Qui appuie sur le bouton ? Par deux fois encore, le Parlement fait preuve d'ouverture. La première concession vise à répondre à l'interrogation maintes fois formulées par le commissaire Barnier: 'Qui appuie sur le bouton ?' Le groupe libéral ADLE, le plus en pointe sur cette question, accepte que le Conseil joue un rôle encadré. La Commission européenne sera, en règle générale, responsable de valider les plans de résolution concoctés par le comité unique. Mais, si l'institution européenne est d'avis que le Fonds doit contribuer davantage à la résolution d'une banque, le Conseil Écofin pourra émettre une objection et demander au comité unique de revoir sa copie.
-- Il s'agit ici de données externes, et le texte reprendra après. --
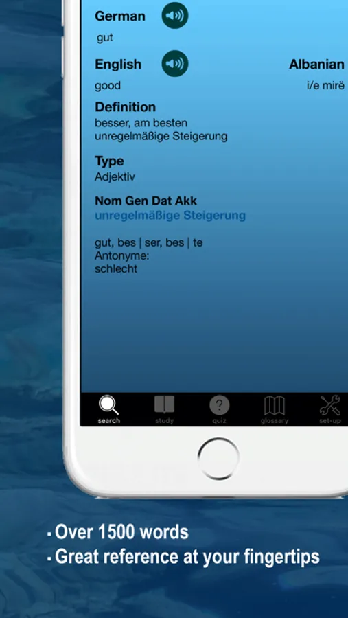 The app for Learn German from Albanian, contains over 1500 German words for the Albanian learner with excellent audio quality. It will help to develop an A1 level German vocabulary.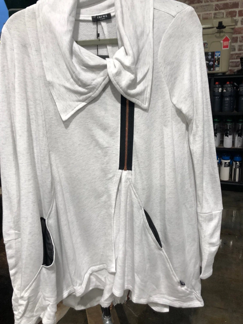 Did someone say autumn? This Light Gray Drape Jacket is ready. In our coziest French Terry, this top is genius, thanks to its unique details: an asymmetrical hem, a stylish zipper and a cool collar. Whether you wear it on cooler summer nights or all day this fall, this is one staple you’ll always reach for. Made in the USA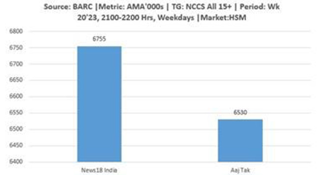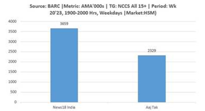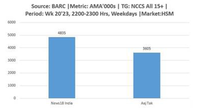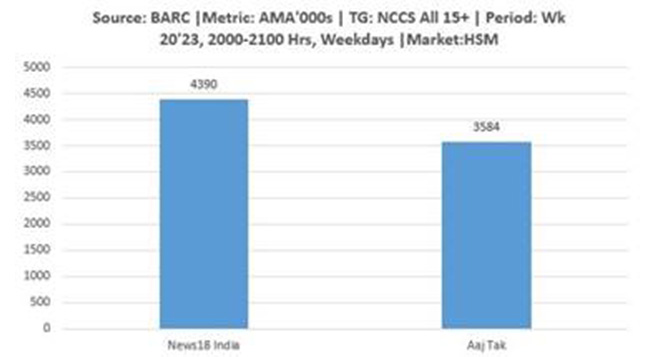 The new BARC data indicates that News18 India has established a comprehensive leadership in the Hindi genre and has surpassed Aaj Tak across all prime time bands.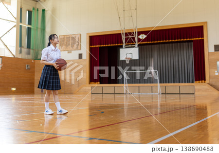 在教室和教學大樓裡用擴音器歡呼的女性(學生、女國中生、女高中生)

Comme le réclame le PE, la procédure de validation des plans de résolution devra être - le moins possible - sujette aux manœuvres politiques afin de favoriser une égalité de traitement quelle que soit l'origine d'une banque. Elle ne devra pas non plus durer plus d'un week-end, entre la fermeture des marchés aux États-Unis le vendredi soir et leur réouverture le lundi matin en Asie. De fait, une rationalisation s'opère: la Commission et le Conseil disposeront chacun de 12 heures pour émettre une objection aux plans de résolution.
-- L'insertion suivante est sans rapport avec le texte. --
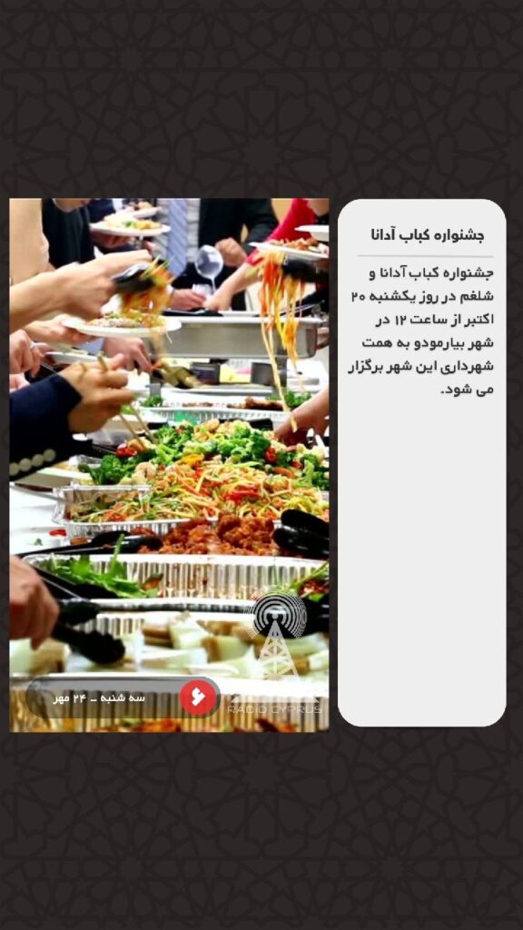 جشنواره کباب آدانا و شلغم در روز یکشنبه ۲۰ اکتبر از ساعت ۱۲ در شهر بیارمودو به همت شهرداری این شهر برگزار می شود.
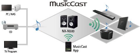 Spela upp innehåll från en annan MusicCast enhet, eller från en Blu-ray eller CD-spelare som är ansluten till en MusicCast produkt – all musik blir tillgänglig i alla rum i huset. Om du har musik lagrad på en PC eller NAS kan du via DLNA spela upp den musiken också, allt som krävs är att det är anslutet till samma nätverk. Du kan även dela ut extern inkopplade ljudkällor som TV eller BD-spelare. Ljud du skickar till NX-N500 med bluetooth kan också skickas vidare till en annan MusicCast enhet i ett annat rum.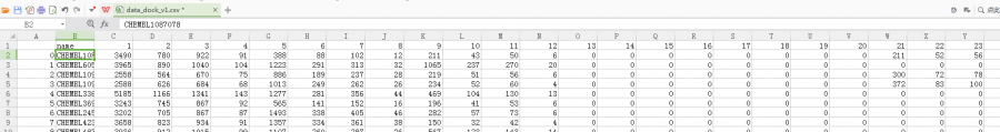 这是我从一篇文献下载下来的数据。他应该是分子构象的数据“Ligand 3D conformations were generated with docking programs”,构象转化成了CSV格式数据。每一行的分子数据,这些数字是什么意思呢! datashuju.png |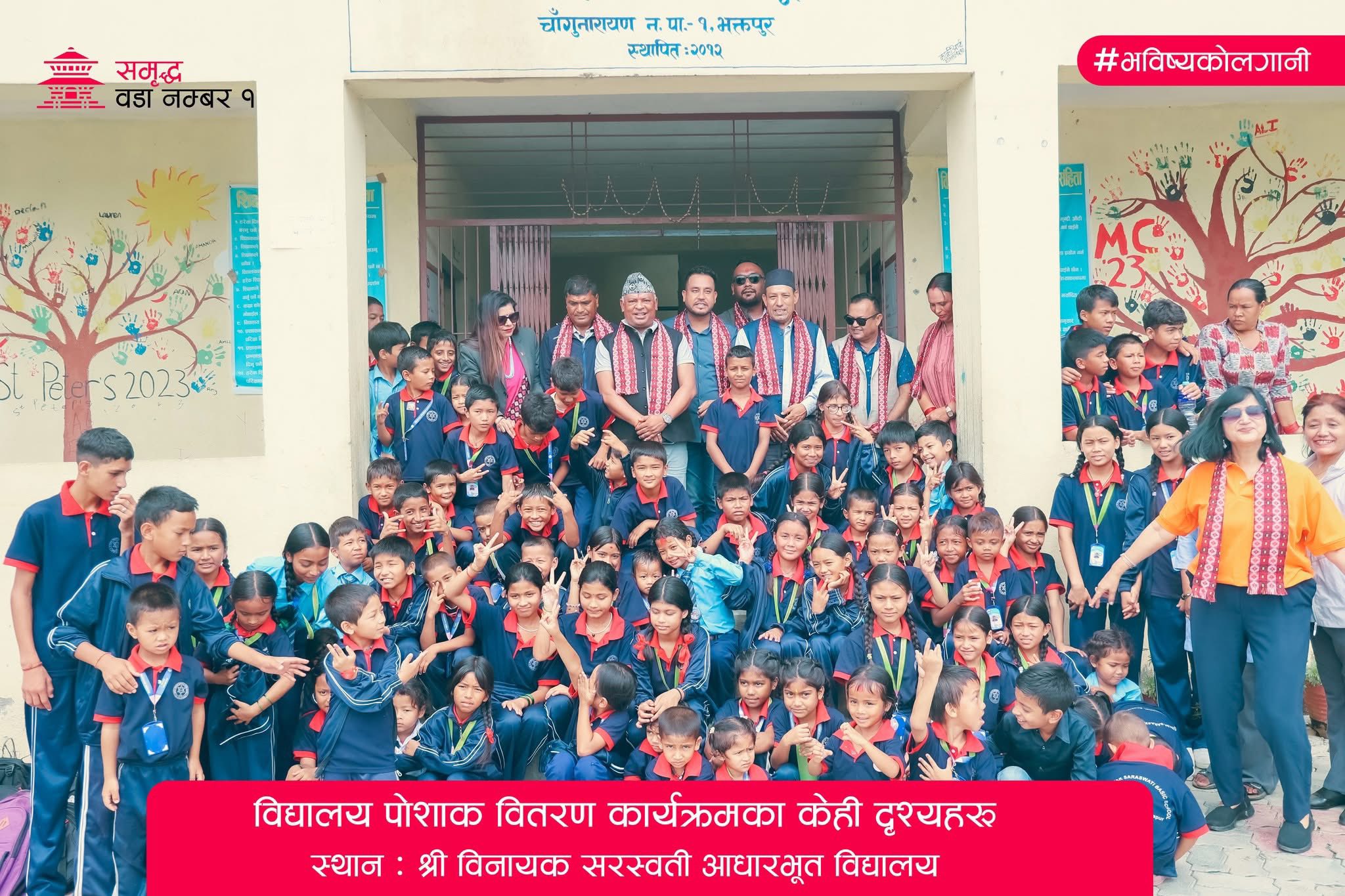 विद्यार्थीलाई चाँगुनारायण नगरपालिकाका प्रमुख जीवन खत्रीले विद्यालय पोशाक वितरण गर्नु भएको हो । उहाँले विद्यार्थीहरुलाई गुणस्तरीय शिक्षा प्रदान गर्न कुनै कसर बाँकी राख्नु नहुने बताउनुभयो ।

Une autre concession importante du PE concerne la procédure d'adoption des contributions des banques au Fonds SRF. « Sur la question des contributions au fonds, on a passé très très longtemps », indique cette source. « Trois heures », selon M. Barnier.
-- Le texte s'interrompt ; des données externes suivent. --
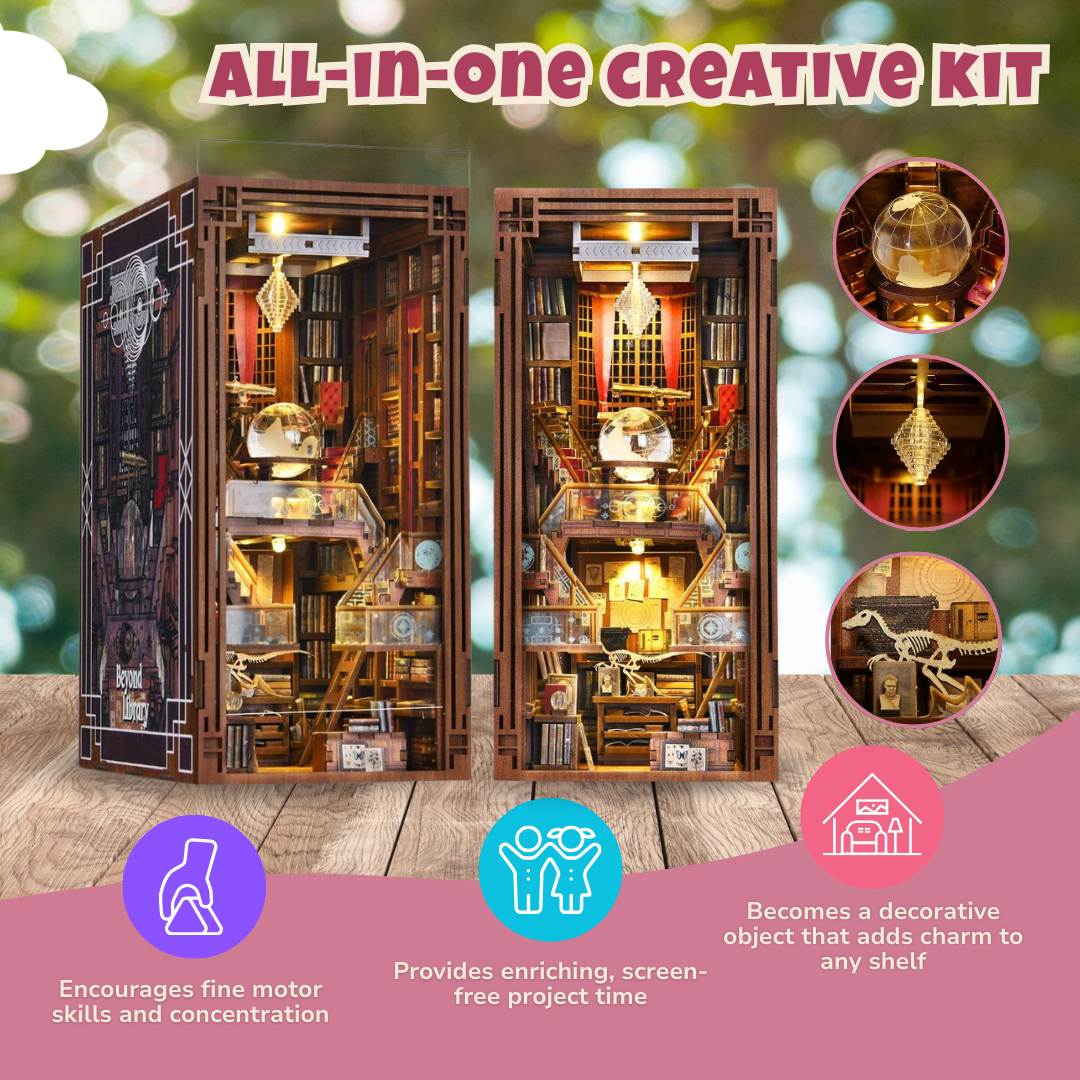 Build a piece of art that’s both personal and functional. The easy-to-follow instructions make assembly enjoyable, while the finished piece adds character to any shelf. Once complete, the sturdy structure doubles as a bookend, keeping your volumes in place and turning heads with its charming details. By combining form and function, this booknook offers a simple solution to shelving organization while providing a unique, handmade display. It’s a project that lets you celebrate literature and showcase your handiwork.

M. Giegold est l'eurodéputé le plus actif sur cette question chaude pour la France qui craint que ses grandes banques universelles aient à payer davantage que les autres. L'écologiste allemand plaide pour un véritable droit de regard du PE sur la méthodologie qui sera utilisée. « Nous avons obtenu très peu », a-t-il admis, après coup. La mesure d'exécution que la Commission proposera courant 2014 pour mettre en musique cette méthodologie demeurera une compétence exclusive des États. M. Giegold est néanmoins persuadé que le PE sera en mesure de prendre ce texte « en otage » parce qu'il sera lié à une autre mesure d'exécution, découlant de la directive 'BRRD' harmonisant les régimes nationaux de résolution dans l'ensemble de l'UE et sur laquelle les députés disposeront d'un véritable droit de regard.

Le PE s'adresse au Conseil: à votre tour maintenant. Il veut que les deux ministres abattent leurs cartes sur la question de la gouvernance interne du comité unique de résolution et du rythme de constitution et de mutualisation du Fonds SRF. « Je n'ai pas de mandat pour bouger », répond M. Dijsselbloem. Les eurodéputés lui rétorquent que le PE a fait plus de la moitié du chemin et que ses concessions sont conditionnées à d'autres que formuleront les États membres.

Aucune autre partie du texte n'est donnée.